Tuesday, November 27, 2007

Competing Products are Competition

There's been some noise on programming.reddit.com recently about a Wall Street Journal story describing how Intel and Microsoft are apparently crushing the OLPC laptop.  According to the WSJ article, Microsoft and Intel have been working together to sell low-priced laptops running standard Windows technologies to developing countries at prices that make them competitive with Mr. Negroponte's OLPC laptop initiative.

The article quotes Mr. Negroponte as claiming that Intel was attempting to "undermine" his initiative, and saying that he didn't want to compete in "bake-offs" with Intel's machine.  I'm a bit confused by this.  While it's all well and good that Mr. Negroponte's company is non-profit, it doesn't magically mean that their products don't compete with Intel's.  In fact, if you read the description of the machine, which is based on AMD processors and an operating system using the Linux kernel, it would seem to be designed precisely to avoid Intel and Microsoft's dominance in the US market.  It seems no more remarkable that Intel and Microsoft consider this competition as that IBM's competitors disliked their charitably giving computers to all the major engineering schools in the 50s and 60s.

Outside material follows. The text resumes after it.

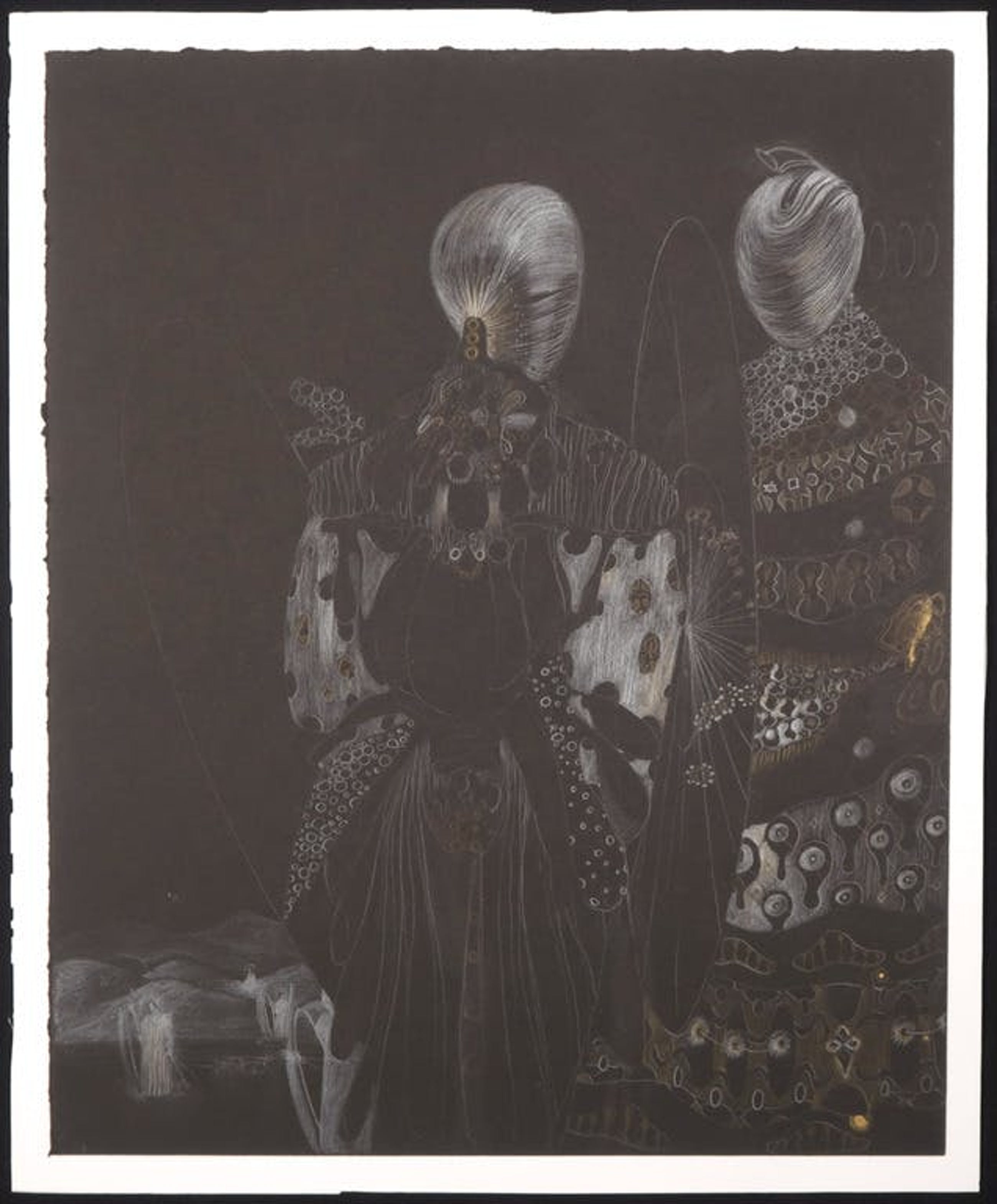 Materiaal: Potloodtekening op zwart papier, bevestigd op stevig onderblad

Perhaps most humorous is Mr. Negroponte's assertion, early in the article, that his "goal is not selling laptops" and that he's in the education business.  In that case, it's hard to see why he should be upset that Intel and Microsoft are aiming products at the same market he's reaching with the OLPC; this is only achieving his eventual goal of allowing children in developing countries access to first-world technology.  He claims he's good at selling ideas, not laptops; it seems from here that his ideas have sold.

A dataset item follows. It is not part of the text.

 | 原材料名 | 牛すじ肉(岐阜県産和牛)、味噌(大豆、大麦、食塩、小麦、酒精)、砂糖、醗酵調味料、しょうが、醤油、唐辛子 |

Wednesday, November 21, 2007

Roger Ebert Is Dumb

There's apparently been something of an ongoing spat between Roger Ebert and various people who write about games as to whether games are art. Since Roger Ebert's connections to the games industry are at best tenuous, and from all the evidence I've seen he's never bothered to play one, this seems a bit like his staking out a claim that the Mona Lisa isn't really art.

But I suppose that's neither here nor there. In his review of the Hitman movie, based on the games of the same title, he writes:

Other scenes, which involve Agent 47 striding down corridors, an automatic weapon in each hand, shooting down opponents who come dressed as Jedi troopers in black. These scenes are no doubt from the video game. The troopers spring into sight, pop up and start shooting, and he has target practice. He also jumps out of windows without knowing where he's going to land, and that feels like he's cashing in a chip he won earlier in the game.
This is particularly funny since, as a fan of the Hitman games, those are the scenes that made me least interested in the movie. Hitman is about disguise and stealth; striding down halls shooting bad guys is possible, but the game discourages it. As for cashing in chips he won earlier in the game, that sentence is a great mystery to me.

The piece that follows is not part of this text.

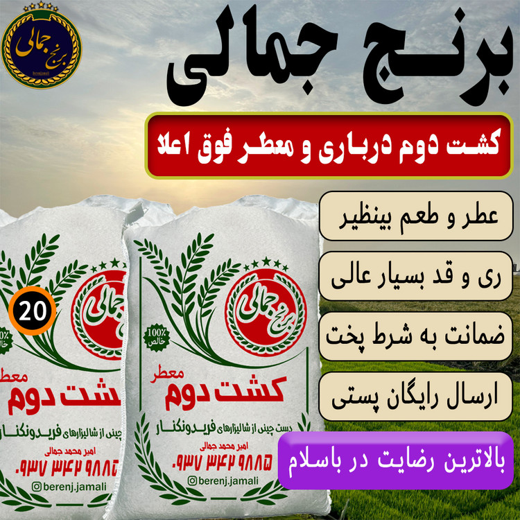 برنج کشت دوم درباری و فوق معطر فریدونکنار برنج جمالی 20کیلوگرم

The sad thing about the whole fiasco is that most games aren't art, and the approach most game designers are taking isn't going to lead to art. Whether that's the fault of the designers or the publishers, how games fit into the current ideas of art, and what the artistic potential of games is and ought to be are all valid and interesting questions. However, Ebert is doing no one any good by trying to be part of this discussion when he clearly can't even be bothered to do basic research on what he says.